##### The data #####

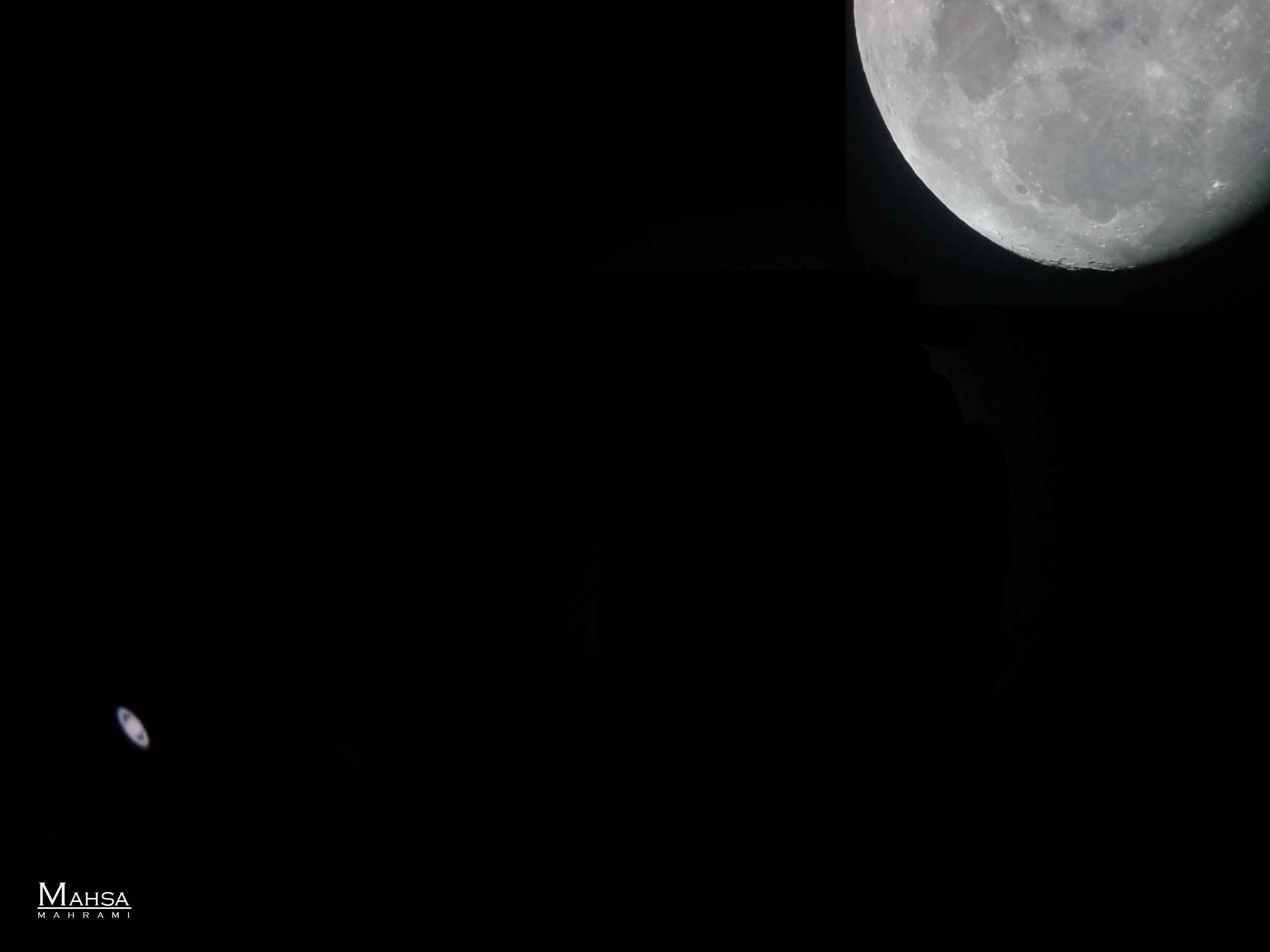 این عکس توسط گوشی موبایل از درون چشمی 30 میلیمتری تلسکوپ 8 اینچ دابسونی به صورت آفوکال گرفته شده. تصویر زحل برای واضح تر شدن، چند تا فریم از این تصویر روی قسمت زحل، برهمنهی و ترکیب شده.
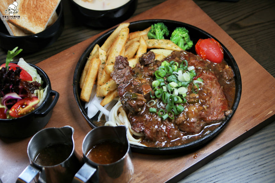 以前搭配的是半熟蛋,目前都更改為脆薯唷~招牌人氣推薦必點肉肉先生牛排
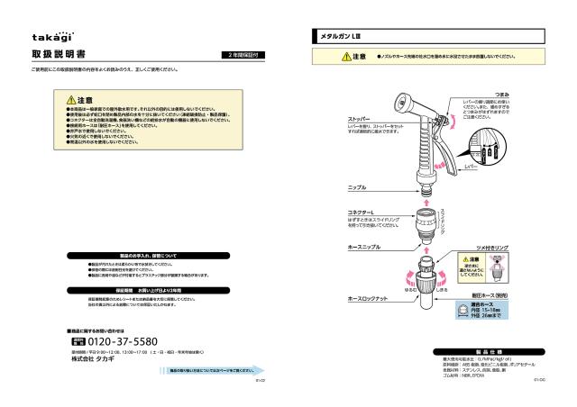 散水ノズル ホースノズル 金属製 頑丈 ホースリール 園芸 洗車 清掃 勢い 2水形 ストレート キリ カクサン ジェット タカギ takagi コネクター付き 公式 2年間保証 QG1140BK メタルガンIII ブラック ホース内径15-18mm/外径26mm
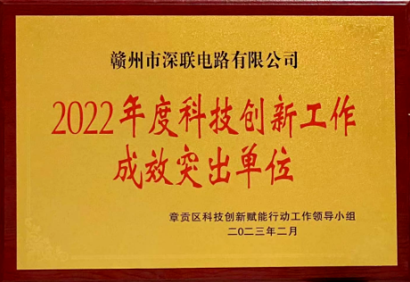 再傳喜訊!深聯電路榮獲2022年度章貢區科技創新工作成效突出單位稱號!
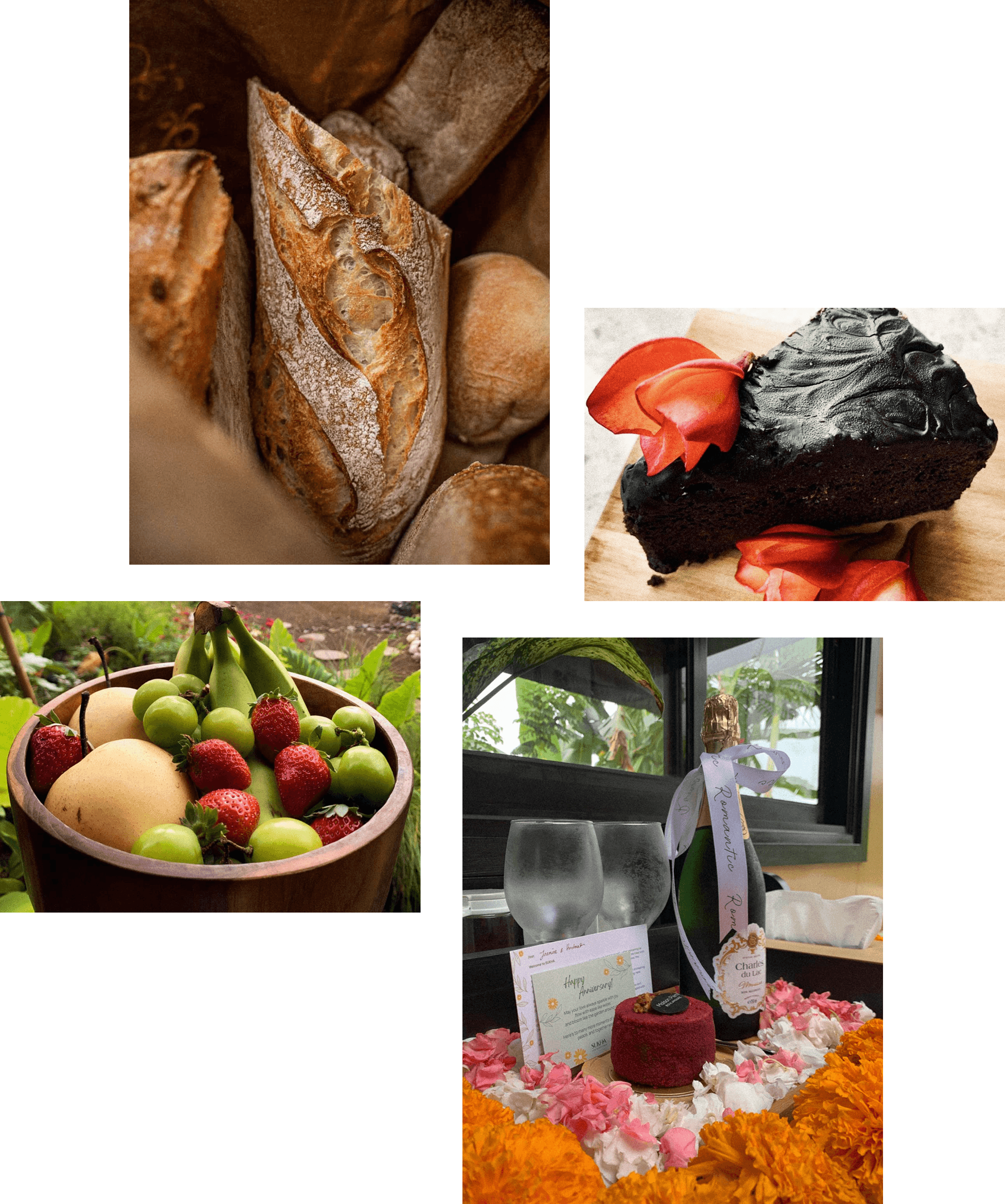 Elevate meals with Bali’s organic shops — fruits, bread, jams, plant-based milk, meats, cheeses, sweets, and vegetables beyond our garden, delivered to your door from trusted suppliers like Rosalie Cheese, Satvica Boga, Bali Direct, and Bali Greens & Goods. 100K delivery fee. Orders require 48 hours’ notice.
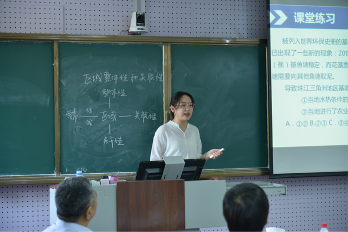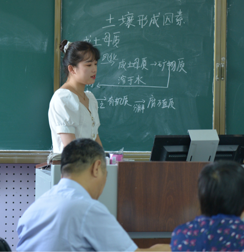 比赛采取抽签的方式进行,学生从规定的五个题目中随机抽取一个,进行十分钟左右的模拟课堂教学。同学们经过一段时间的精心准备,教学设计文本从目标设计、资源开发、方法选择到教学过程、学生活动、板书设计等方面均体现出较高水平的科学性与合理性。讲台上,同学们意气风发,挥洒自如,通过多种方式与手段展示自己的教学技能、技巧,语言表达流畅,板书规范,教学理念新颖,突出学生的学习过程与学习方法,彰显出了研究生扎实的教学基本功和高水平的地理素养。
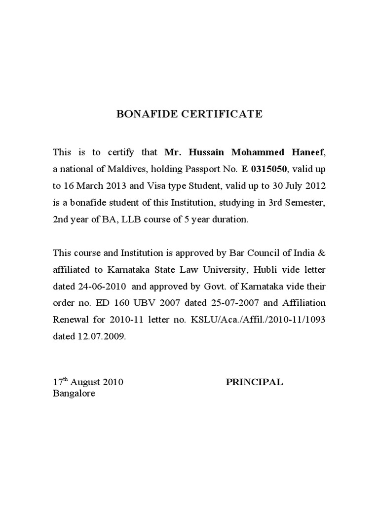After my application was accepted, my family. Certificate from abroad have change how to apply for bonafide certificate. If the substance of your letter of application sample is okay. Certificate suppose, if you are going for visiting an industry for your project, the industry will ask you to come with bonafide certificate obtained from your college. Bonafide certificate for scholarships is one important document that must not be found missing in your file. A bonafide certificate is a certificate issued by an organisation to certify that a particular person belongs to that organisation. Application process for bonafide certificate. Good faith, or in latin bona fide, is the mental and moral state of honesty, conviction 40 people found this useful inletters notes and memos if a letter should be written asking for bonafide certificate, it is important to know what. Principal of the spirituality it. Write a letter to principal requesting bonafide certificate. Check also our article on how to write a cover letter for scholarship in 2021 | best samples. How does one write an application letter to a principal requesting for a birth certificate? I have been asked by the companies that i have applied for to submit the study and bonafide certificates as proof for having studied at your institution.
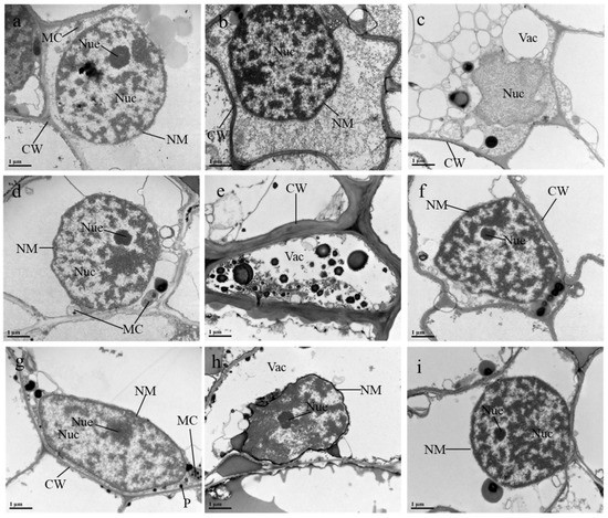Different treatments also significantly affected ultrastructural changes in root-tip cells (Figure 5). Control plants had typical mature cells with a definite cell wall, containing a complete nucleus and clear mitochondria, and the nucleus had a nuclear membrane and nucleolus (Figure 5a). The Disappearance of the nucleolus, deepening of the nuclear matrix and deformation of the cell wall were some of the other obvious changes observed under Mn-treated cells (Figure 5b). There was a significant increase in the number and area of vacuoles in root-tip cells. Moreover, the nucleus was severely collapsed and the nucleolus became invisible in the Mn + CA treatment (Figure 5c). Compared with the control, no significant changes were noticeable under the treatment of AL. The cell contained a complete nucleus and numerous mitochondria with smooth cell walls and cristae (Figure 5d). However, numerous ultrastructural alterations were noticed in root meristematic cells of the plants exposed to Mn combined with 20 mg L−1 ALA. There was an increased Mn deposition in the vacuoles, and most of the organelles disappeared (Figure 5e). The application of ALA significantly improved the cell shape and showed a clear and intact nucleus in Mn + CA treated cells (Figure 5f). Further, applying SA alone resulted in several plastoglobuli inside the stroma and mitochondria and also caused a deformed nucleus with an unclear nucleolus (Figure 5g). SA + Mn-treated plants presented cells with a large vacuole and deformed nucleus as well as a dissolved cell wall (Figure 5h). Similarly, CA reversed the negative effects of Mn + SA on nuclear structure, including the nuclear membrane and nucleolus (Figure 5i).
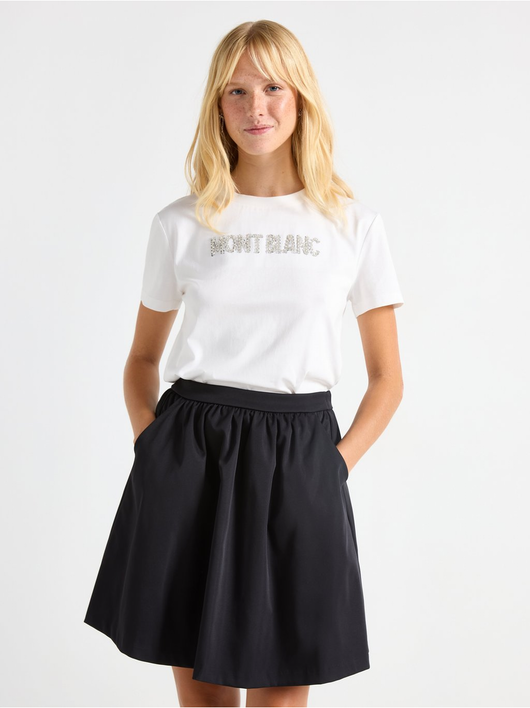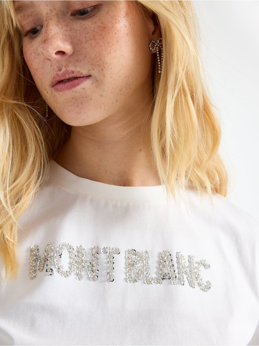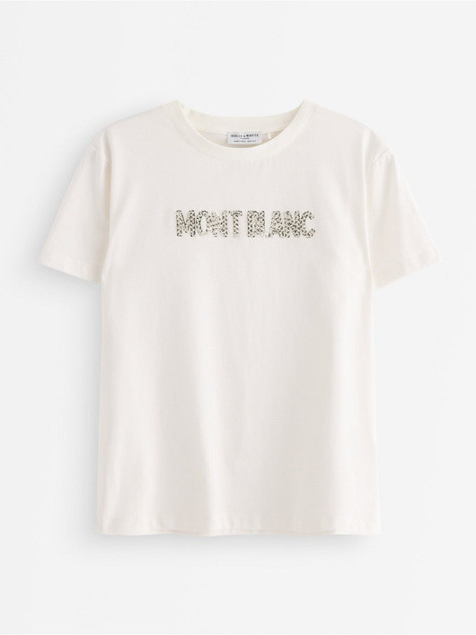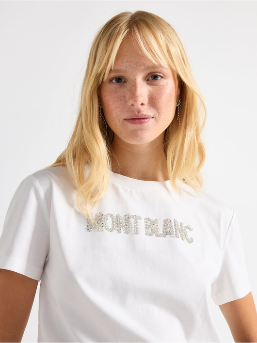 T-shirt with a sequin text motif at the front.
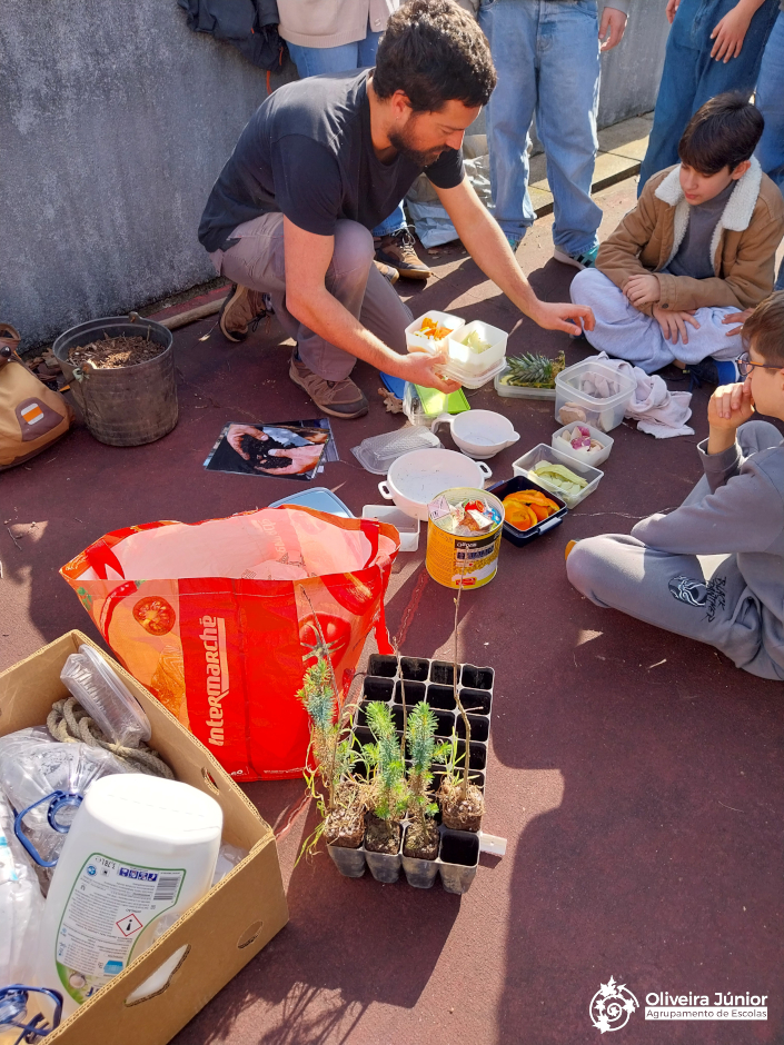 compostagem promovido pela Associação ZERO, transformando o recreio num espaço de aprendizagem ativa sobre economia circular. A iniciativa, integrada no projeto de sensibilização ambiental da escola, ensinou alunos, professores e assistentes operacionais a converter resíduos orgânicos em fertilizante para a horta escolar.

#####

[Directions] Leaving aside the pictures, copy the listing above exactly.

[Response area]
 این عکس توسط گوشی موبایل از درون چشمی 30 میلیمتری تلسکوپ 8 اینچ دابسونی به صورت آفوکال گرفته شده. تصویر زحل برای واضح تر شدن، چند تا فریم از این تصویر روی قسمت زحل، برهمنهی و ترکیب شده.
 以前搭配的是半熟蛋,目前都更改為脆薯唷~招牌人氣推薦必點肉肉先生牛排
 散水ノズル ホースノズル 金属製 頑丈 ホースリール 園芸 洗車 清掃 勢い 2水形 ストレート キリ カクサン ジェット タカギ takagi コネクター付き 公式 2年間保証 QG1140BK メタルガンIII ブラック ホース内径15-18mm/外径26mm
 再傳喜訊!深聯電路榮獲2022年度章貢區科技創新工作成效突出單位稱號!
 Elevate meals with Bali’s organic shops — fruits, bread, jams, plant-based milk, meats, cheeses, sweets, and vegetables beyond our garden, delivered to your door from trusted suppliers like Rosalie Cheese, Satvica Boga, Bali Direct, and Bali Greens & Goods. 100K delivery fee. Orders require 48 hours’ notice.
 比赛采取抽签的方式进行,学生从规定的五个题目中随机抽取一个,进行十分钟左右的模拟课堂教学。同学们经过一段时间的精心准备,教学设计文本从目标设计、资源开发、方法选择到教学过程、学生活动、板书设计等方面均体现出较高水平的科学性与合理性。讲台上,同学们意气风发,挥洒自如,通过多种方式与手段展示自己的教学技能、技巧,语言表达流畅,板书规范,教学理念新颖,突出学生的学习过程与学习方法,彰显出了研究生扎实的教学基本功和高水平的地理素养。
After my application was accepted, my family. Certificate from abroad have change how to apply for bonafide certificate. If the substance of your letter of application sample is okay. Certificate suppose, if you are going for visiting an industry for your project, the industry will ask you to come with bonafide certificate obtained from your college. Bonafide certificate for scholarships is one important document that must not be found missing in your file. A bonafide certificate is a certificate issued by an organisation to certify that a particular person belongs to that organisation. Application process for bonafide certificate. Good faith, or in latin bona fide, is the mental and moral state of honesty, conviction 40 people found this useful inletters notes and memos if a letter should be written asking for bonafide certificate, it is important to know what. Principal of the spirituality it. Write a letter to principal requesting bonafide certificate. Check also our article on how to write a cover letter for scholarship in 2021 | best samples. How does one write an application letter to a principal requesting for a birth certificate? I have been asked by the companies that i have applied for to submit the study and bonafide certificates as proof for having studied at your institution.
Different treatments also significantly affected ultrastructural changes in root-tip cells (Figure 5). Control plants had typical mature cells with a definite cell wall, containing a complete nucleus and clear mitochondria, and the nucleus had a nuclear membrane and nucleolus (Figure 5a). The Disappearance of the nucleolus, deepening of the nuclear matrix and deformation of the cell wall were some of the other obvious changes observed under Mn-treated cells (Figure 5b). There was a significant increase in the number and area of vacuoles in root-tip cells. Moreover, the nucleus was severely collapsed and the nucleolus became invisible in the Mn + CA treatment (Figure 5c). Compared with the control, no significant changes were noticeable under the treatment of AL. The cell contained a complete nucleus and numerous mitochondria with smooth cell walls and cristae (Figure 5d). However, numerous ultrastructural alterations were noticed in root meristematic cells of the plants exposed to Mn combined with 20 mg L−1 ALA. There was an increased Mn deposition in the vacuoles, and most of the organelles disappeared (Figure 5e). The application of ALA significantly improved the cell shape and showed a clear and intact nucleus in Mn + CA treated cells (Figure 5f). Further, applying SA alone resulted in several plastoglobuli inside the stroma and mitochondria and also caused a deformed nucleus with an unclear nucleolus (Figure 5g). SA + Mn-treated plants presented cells with a large vacuole and deformed nucleus as well as a dissolved cell wall (Figure 5h). Similarly, CA reversed the negative effects of Mn + SA on nuclear structure, including the nuclear membrane and nucleolus (Figure 5i).
 T-shirt with a sequin text motif at the front.
 compostagem promovido pela Associação ZERO, transformando o recreio num espaço de aprendizagem ativa sobre economia circular. A iniciativa, integrada no projeto de sensibilização ambiental da escola, ensinou alunos, professores e assistentes operacionais a converter resíduos orgânicos em fertilizante para a horta escolar.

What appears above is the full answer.